» TASK INSTRUCTIONS
Copy the material below verbatim from the line with "Tweed Damen Blazer, Lang, Steel" to the line with "Le crostatine ripiene", both lines included, omitting pictures and every line outside that range.
*** Opening of SOURCE MATERIAL ***
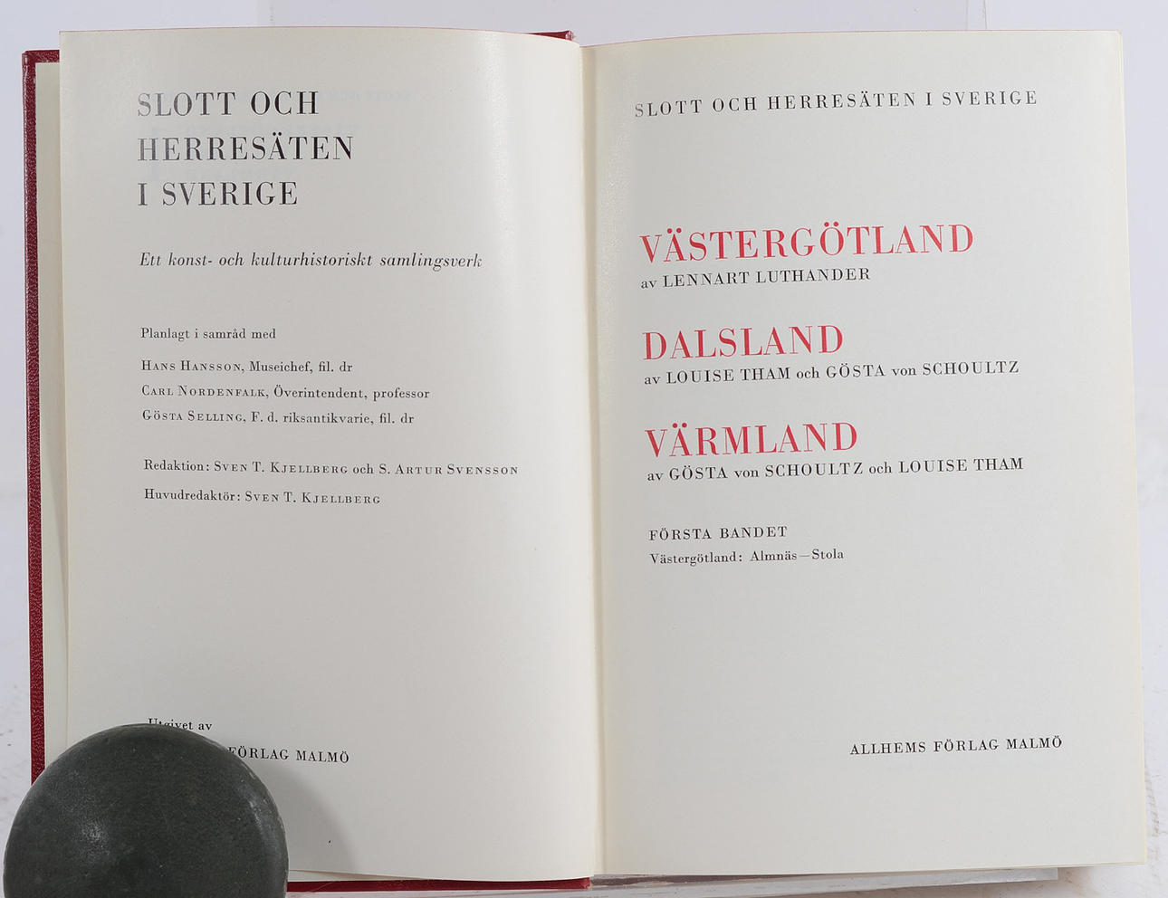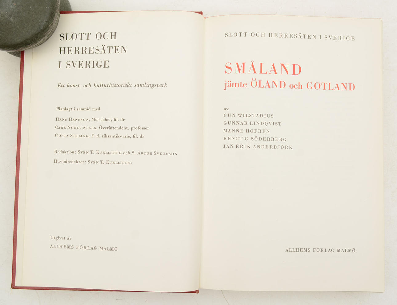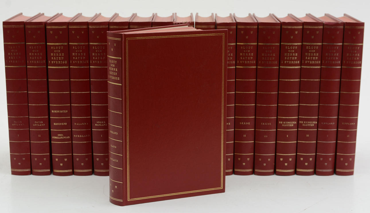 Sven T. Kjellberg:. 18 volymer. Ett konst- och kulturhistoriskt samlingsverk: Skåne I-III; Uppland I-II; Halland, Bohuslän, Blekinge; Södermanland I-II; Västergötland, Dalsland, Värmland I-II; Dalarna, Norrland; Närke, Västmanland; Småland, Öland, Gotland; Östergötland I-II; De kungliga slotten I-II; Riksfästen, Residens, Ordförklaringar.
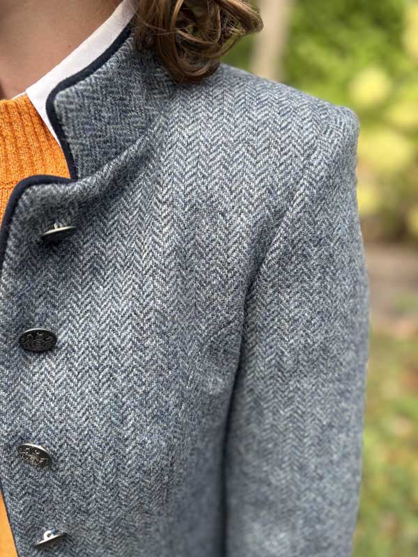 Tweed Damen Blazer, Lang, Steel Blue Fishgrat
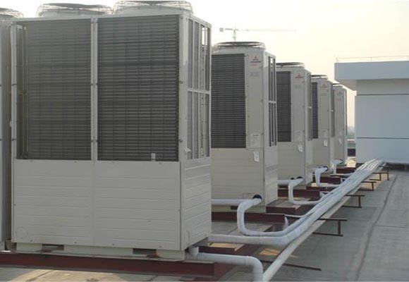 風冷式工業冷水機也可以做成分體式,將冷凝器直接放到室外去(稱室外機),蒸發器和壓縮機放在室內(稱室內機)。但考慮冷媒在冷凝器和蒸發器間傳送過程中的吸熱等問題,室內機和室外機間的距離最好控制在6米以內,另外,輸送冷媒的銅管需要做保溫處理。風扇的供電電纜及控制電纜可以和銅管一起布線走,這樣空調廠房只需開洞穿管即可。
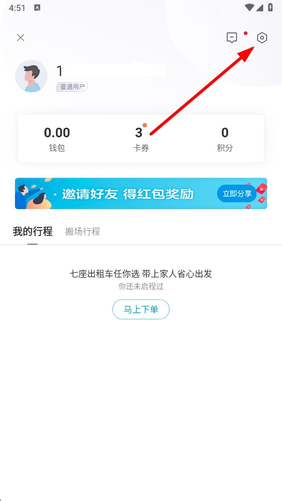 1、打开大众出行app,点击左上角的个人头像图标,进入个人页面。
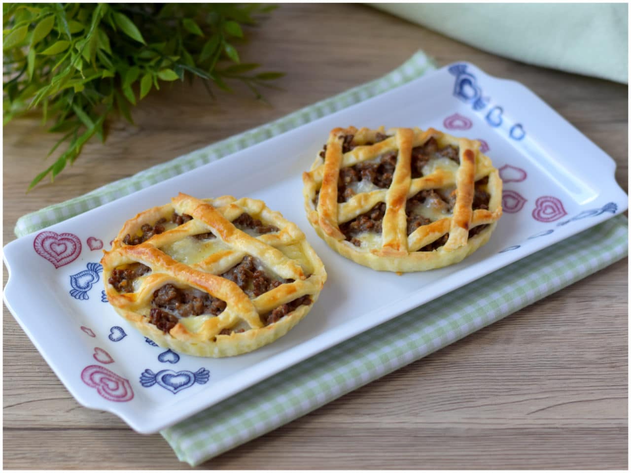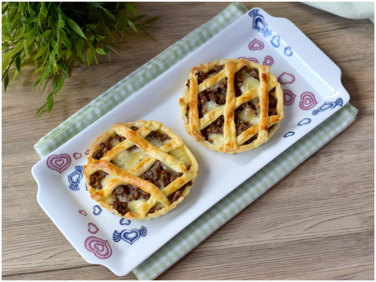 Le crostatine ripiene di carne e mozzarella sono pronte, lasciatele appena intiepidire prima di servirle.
*** Close of SOURCE MATERIAL ***
*** Opening of SOURCE MATERIAL ***
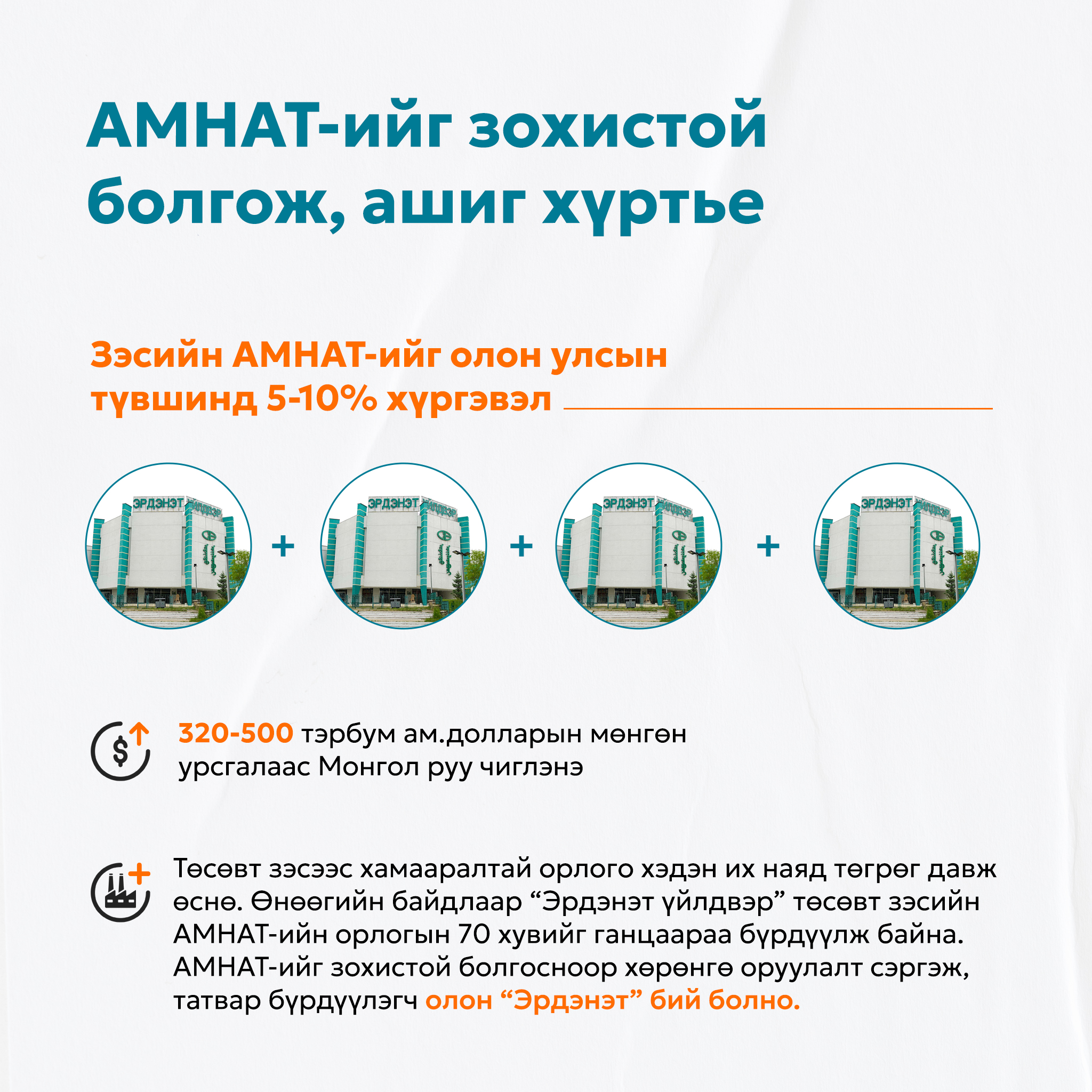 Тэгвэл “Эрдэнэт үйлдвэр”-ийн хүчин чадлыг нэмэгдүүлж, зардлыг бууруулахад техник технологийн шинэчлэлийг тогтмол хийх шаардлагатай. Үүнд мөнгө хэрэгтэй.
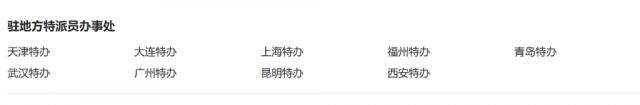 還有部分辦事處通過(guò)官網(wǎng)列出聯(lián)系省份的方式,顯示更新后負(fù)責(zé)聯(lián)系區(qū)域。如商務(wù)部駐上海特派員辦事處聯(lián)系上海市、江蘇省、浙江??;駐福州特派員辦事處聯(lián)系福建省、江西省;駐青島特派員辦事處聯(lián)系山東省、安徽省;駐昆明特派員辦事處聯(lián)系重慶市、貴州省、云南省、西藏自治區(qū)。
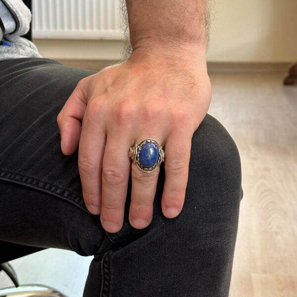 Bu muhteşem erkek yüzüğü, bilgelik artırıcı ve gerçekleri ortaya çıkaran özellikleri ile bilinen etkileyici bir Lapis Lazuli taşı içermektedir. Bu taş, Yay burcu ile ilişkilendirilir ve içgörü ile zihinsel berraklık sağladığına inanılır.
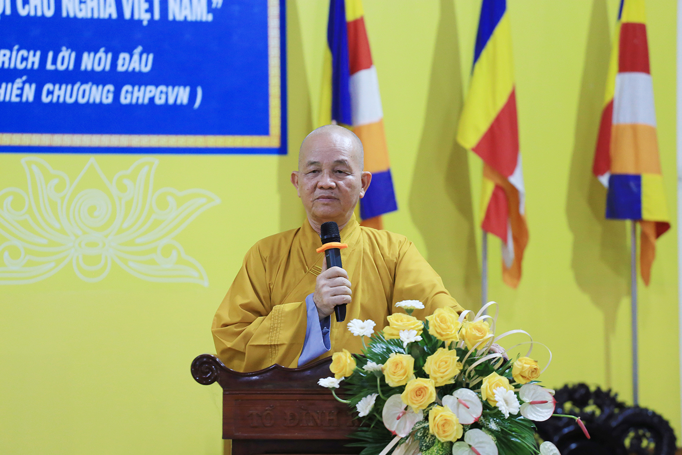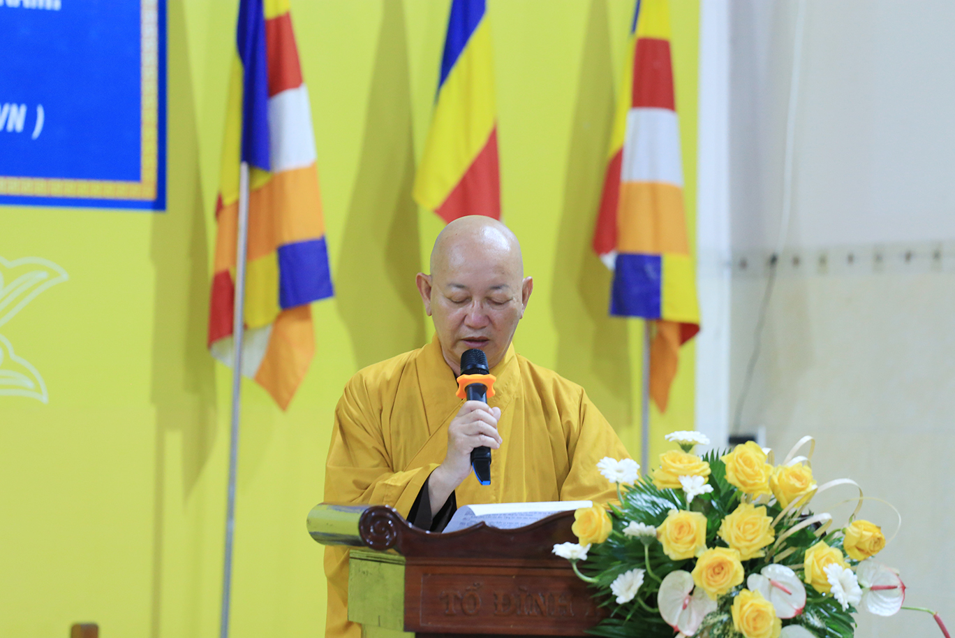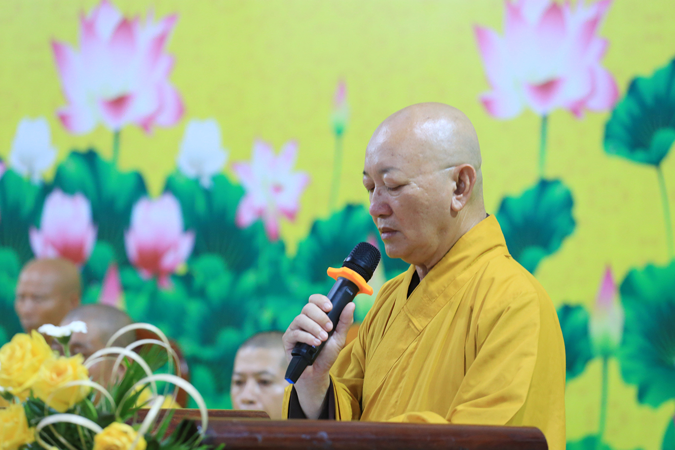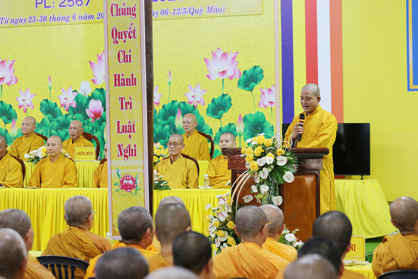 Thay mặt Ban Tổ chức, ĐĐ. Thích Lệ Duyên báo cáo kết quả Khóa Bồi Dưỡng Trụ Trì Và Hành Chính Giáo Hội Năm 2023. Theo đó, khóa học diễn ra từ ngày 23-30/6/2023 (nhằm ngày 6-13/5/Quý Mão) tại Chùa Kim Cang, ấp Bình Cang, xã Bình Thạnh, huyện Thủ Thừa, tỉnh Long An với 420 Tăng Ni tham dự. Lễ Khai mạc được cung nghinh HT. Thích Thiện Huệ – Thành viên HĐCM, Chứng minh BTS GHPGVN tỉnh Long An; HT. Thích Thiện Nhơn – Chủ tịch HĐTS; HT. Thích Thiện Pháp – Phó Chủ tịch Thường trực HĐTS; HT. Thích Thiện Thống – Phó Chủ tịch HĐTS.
*** Close of SOURCE MATERIAL ***
*** Opening of SOURCE MATERIAL ***
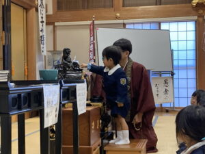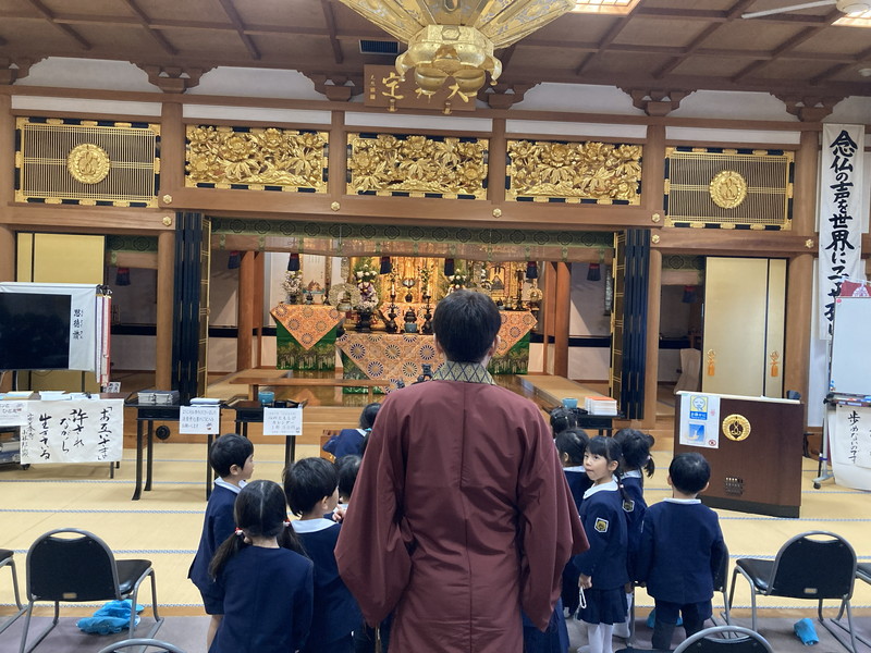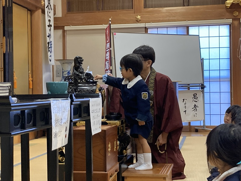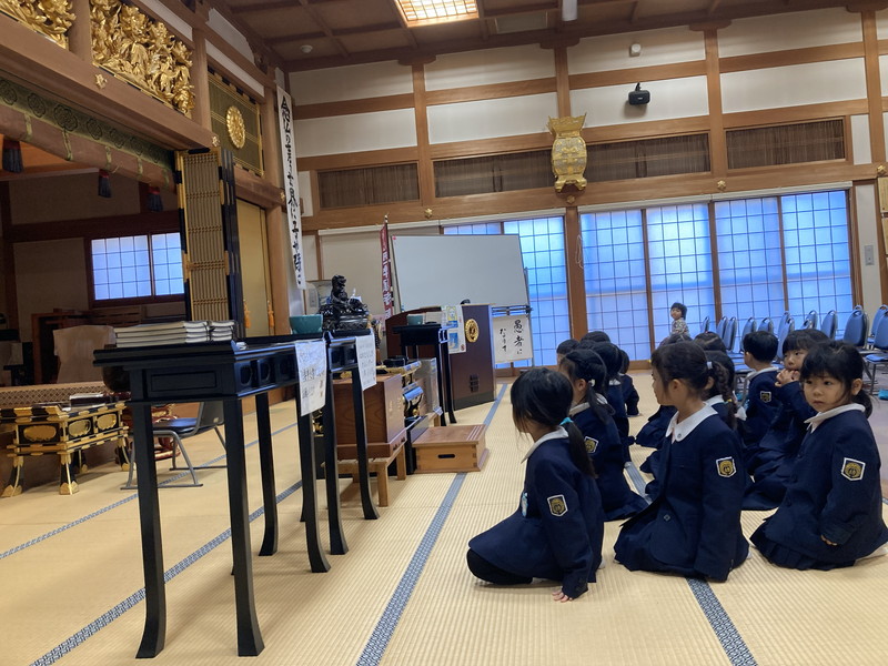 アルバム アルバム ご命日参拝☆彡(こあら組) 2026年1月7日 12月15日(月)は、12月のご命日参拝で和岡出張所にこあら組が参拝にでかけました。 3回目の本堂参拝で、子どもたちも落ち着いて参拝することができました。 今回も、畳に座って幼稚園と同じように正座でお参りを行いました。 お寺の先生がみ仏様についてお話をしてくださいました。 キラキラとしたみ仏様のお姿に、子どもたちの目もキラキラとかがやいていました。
*** Close of SOURCE MATERIAL ***
» SOLUTION
 Tweed Damen Blazer, Lang, Steel Blue Fishgrat
 風冷式工業冷水機也可以做成分體式,將冷凝器直接放到室外去(稱室外機),蒸發器和壓縮機放在室內(稱室內機)。但考慮冷媒在冷凝器和蒸發器間傳送過程中的吸熱等問題,室內機和室外機間的距離最好控制在6米以內,另外,輸送冷媒的銅管需要做保溫處理。風扇的供電電纜及控制電纜可以和銅管一起布線走,這樣空調廠房只需開洞穿管即可。
 1、打开大众出行app,点击左上角的个人头像图标,进入个人页面。
 Le crostatine ripiene di carne e mozzarella sono pronte, lasciatele appena intiepidire prima di servirle.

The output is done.